Around that time, she also found out that she was pregnant.

Once again, teachers and administrators were the reason Rojo didn’t give up on school.

“Everyone was surprised,” she said, but instead of casting her off or just talking to her about her circumstances, they talked to her about her education.

“They believed I was going to graduate,” she said.

Being pregnant and having a newborn in high school was stressful at times, she said.

Her junior year, she waited to buy her prom dress until a week before the event. Even still, it hardly fit her the day of prom.

During her senior year, her son, Brian, was born.

“It was so stressful with Brian crying at night,” she said.

Jose, then her boyfriend and now her husband, was and is incredibly supportive, she said.

Rojo graduated from A.L. Brown in 2007. She was the first person in her immediate family to graduate from high school.

In September of 2007, she and Jose were married.

She attended Rowan-Cabarrus Community College for two years, then she transferred to the University of North Carolina at Charlotte.

She graduated in 2011 with a bachelor’s degree. Her major was history and she minored in secondary education.

Rojo juggled working, married life, a baby and school, and still managed to graduate in four years.

She’s the first person in her extended family of more than 60 people to attend college and graduate.

After she applied for licensure and took two accreditation tests, Rojo was able to secure a position at A.L. Brown teaching history and civics.

In December, she received her master’s of education from the University of North Carolina at Charlotte.

Rojo said life is much different for her family now that she has graduated from school and is working as a teacher.

Not needing help from anyone is a freeing feeling, Rojo said.

“We don’t qualify for Medicaid, we don’t qualify for food stamps,” she said. “And that’s because I graduated school.”

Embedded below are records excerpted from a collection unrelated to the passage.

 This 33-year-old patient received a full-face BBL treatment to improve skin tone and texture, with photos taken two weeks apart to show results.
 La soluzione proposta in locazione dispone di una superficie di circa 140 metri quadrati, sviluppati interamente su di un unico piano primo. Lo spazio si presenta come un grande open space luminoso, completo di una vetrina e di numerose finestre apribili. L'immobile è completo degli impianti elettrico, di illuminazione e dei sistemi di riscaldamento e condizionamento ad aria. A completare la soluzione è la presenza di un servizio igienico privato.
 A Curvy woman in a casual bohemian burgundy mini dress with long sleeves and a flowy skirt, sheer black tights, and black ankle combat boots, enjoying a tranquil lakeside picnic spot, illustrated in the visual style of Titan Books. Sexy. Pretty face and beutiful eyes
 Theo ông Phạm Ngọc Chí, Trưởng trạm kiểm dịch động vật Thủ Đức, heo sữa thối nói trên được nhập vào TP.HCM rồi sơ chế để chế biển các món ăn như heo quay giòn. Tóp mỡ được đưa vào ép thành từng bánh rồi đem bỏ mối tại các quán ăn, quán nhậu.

Rojo always wanted to teach second grade, but it was in one of her required history classes that she decided she wanted to teach history instead.

“I loved it,” she said.

She remembers history coming alive through her professors’ lectures and all the fascinating stories and little known facts she learned.

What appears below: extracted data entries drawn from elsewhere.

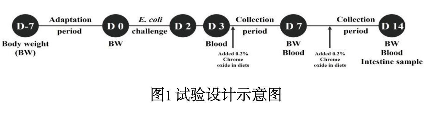 試驗(yàn)?zāi)康?/span> 本研究的目的是確定在斷奶豬口服致病性大腸桿菌時(shí),添加刺激素(STB)對(duì)生長(zhǎng)性能、免疫反應(yīng)和炎癥反應(yīng)的影響。 試驗(yàn)設(shè)計(jì) 選擇36頭28日齡(初始體重為8.49±0.10 kg)雄性斷奶仔豬,,進(jìn)行為期3周的試驗(yàn),其中預(yù)試驗(yàn)7d,正式試驗(yàn)期14d(下文所述的試驗(yàn)開(kāi)始后天數(shù)均為正式試驗(yàn)期內(nèi))。試驗(yàn)采用2×3因子排列,36頭斷奶仔豬被分配到6個(gè)處理,每個(gè)處理6個(gè)重復(fù)。處理包括兩個(gè)水平的挑戰(zhàn)(挑戰(zhàn)和非挑戰(zhàn))和三個(gè)水平的STB(0、0.5和1 g/kg日糧)。玉米和豆粕基礎(chǔ)日糧的配方見(jiàn)表1。圖1描述了本研究中使用的斷奶仔豬試驗(yàn)設(shè)計(jì)的示意圖。
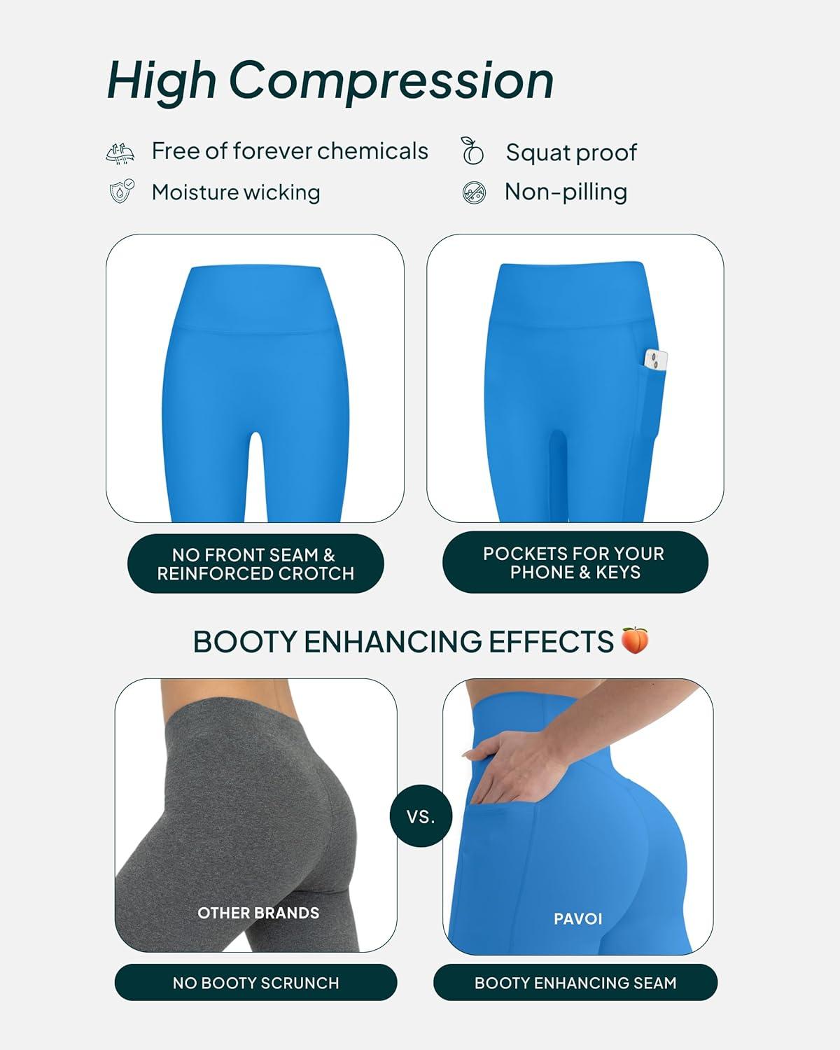 PAVOI ACTIVE Leggings with Pockets | Compressive High Waisted Butt Sculpting Women’s Full Length Workout Pants | HiPerform(Sienna)
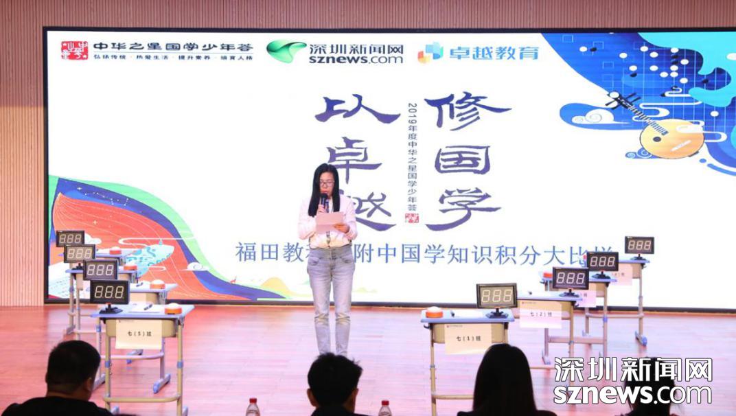 深圳新聞網(wǎng)4月2日訊 (記者 曹園芳 陳彬)修國(guó)學(xué),以卓越。4月1日下午,福田區(qū)教育科學(xué)研究院附屬中學(xué)(以下簡(jiǎn)稱“福田教科院附中”)舉行國(guó)學(xué)知識(shí)積分大比拼活動(dòng),該活動(dòng)是“2019年度中華之星國(guó)學(xué)少年薈”的校園分會(huì)場(chǎng)活動(dòng)之一,深圳地區(qū)是由深圳新聞網(wǎng)主辦,卓越教育承辦。

One time, she was required to do a project on a Ku Klux Klan member. It wasn’t until she began working on the assignment that she realized her middle school had been named after a Grand Dragon.

“I feel like you’re not taught that,” se said.

When she learned that Japanese-Americans were imprisoned in internment camps in America during World War II, she was flabbergasted.

“I was like, ‘Shut up!’” she said.

It was stories like those that made her want to teach history.

“I can make it relatable,” she said.

She does this by bringing in “other stories that may make them interested” and by planning fun, hands-on activities.

Right now, her civics and economics class is learning about how a bill becomes a law.

She spent Tuesday talking about filibusters, telling her students about different things members of Congress have talked about during a filibuster.

Wednesday, she had her students draw large flow charts of how a bill becomes a law.

She also teaches financial literacy, needs versus wants and supply and demand in the economics portion of her class.

“I try to make the classroom fun,” she said.

Rojo also makes sure her students know that she’s there for them.

Whether they have questions about her assignments or someone else’s; family problems; questions about college or even relationship problems, Rojo has an open door policy.

“I try to make it an uplifting environment,” she said.

She also makes sure to talk to all her classes, not just her honors classes, about college.

“Education is your way out,” she tells them.

Some of her students from her first year of teaching are now seniors and Rojo is helping them with scholarship applications and financial aid.

“I’m there for them more than anything,” she said. “I really, really do care.”

Rojo also uses her story as a way to talk to her son about the importance of education. Of course, he really doesn’t need much encouraging.

Although he’s in first grade, he reads on a second-grade level. He’s driven and competitive, and he has picked up his mother’s love of learning and history.

The 7-year-old is determined to go to Duke University, she said.

“He likes learning a lot,” she said. “He really wants to do well.”